◆ Material provided
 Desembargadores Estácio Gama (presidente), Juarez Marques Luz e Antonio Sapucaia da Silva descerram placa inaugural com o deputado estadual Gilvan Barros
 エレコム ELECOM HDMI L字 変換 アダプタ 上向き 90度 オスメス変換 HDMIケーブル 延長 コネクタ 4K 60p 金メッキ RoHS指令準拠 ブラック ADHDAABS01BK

--

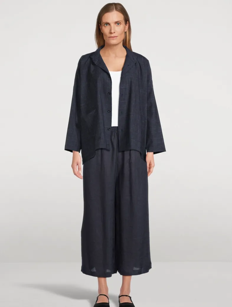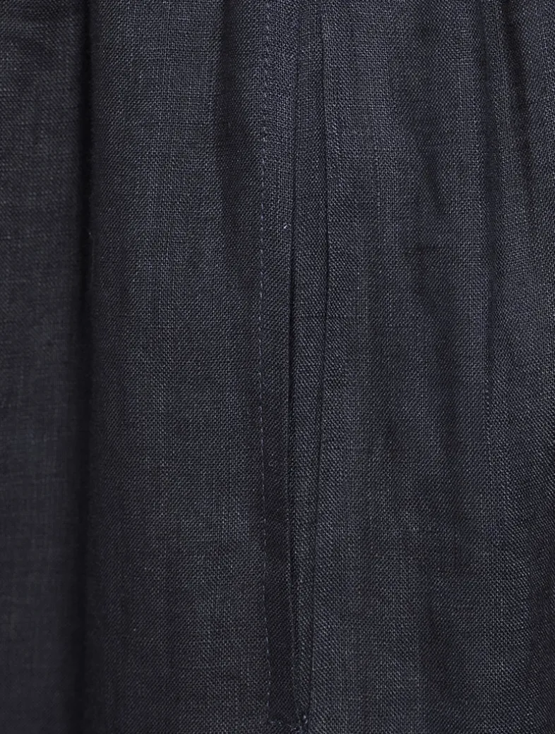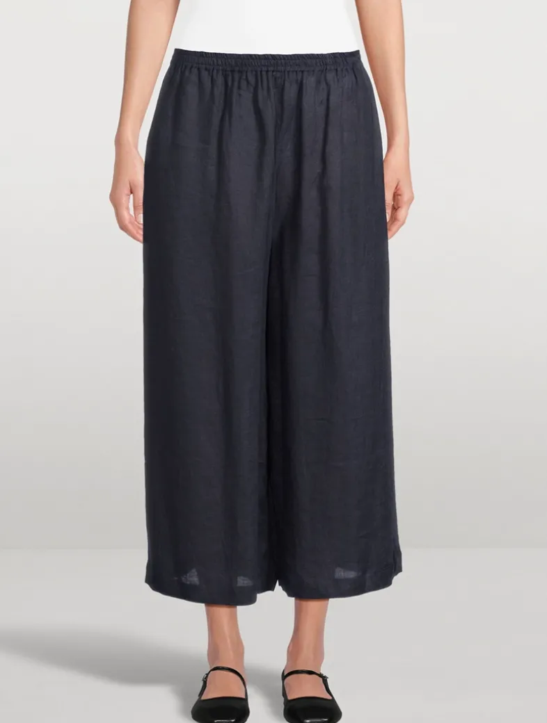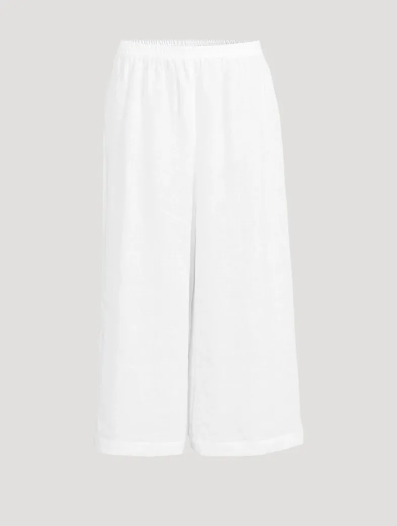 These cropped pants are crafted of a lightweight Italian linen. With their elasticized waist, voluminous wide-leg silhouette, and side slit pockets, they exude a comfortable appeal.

◆ Task statement
From the material above, set down exactly the lines starting at the one with "Desembargadores Estácio Gama" and ending at the one with "エレコム ELECOM HDMI", end lines included.

◆ Your response
 Desembargadores Estácio Gama (presidente), Juarez Marques Luz e Antonio Sapucaia da Silva descerram placa inaugural com o deputado estadual Gilvan Barros
 エレコム ELECOM HDMI L字 変換 アダプタ 上向き 90度 オスメス変換 HDMIケーブル 延長 コネクタ 4K 60p 金メッキ RoHS指令準拠 ブラック ADHDAABS01BK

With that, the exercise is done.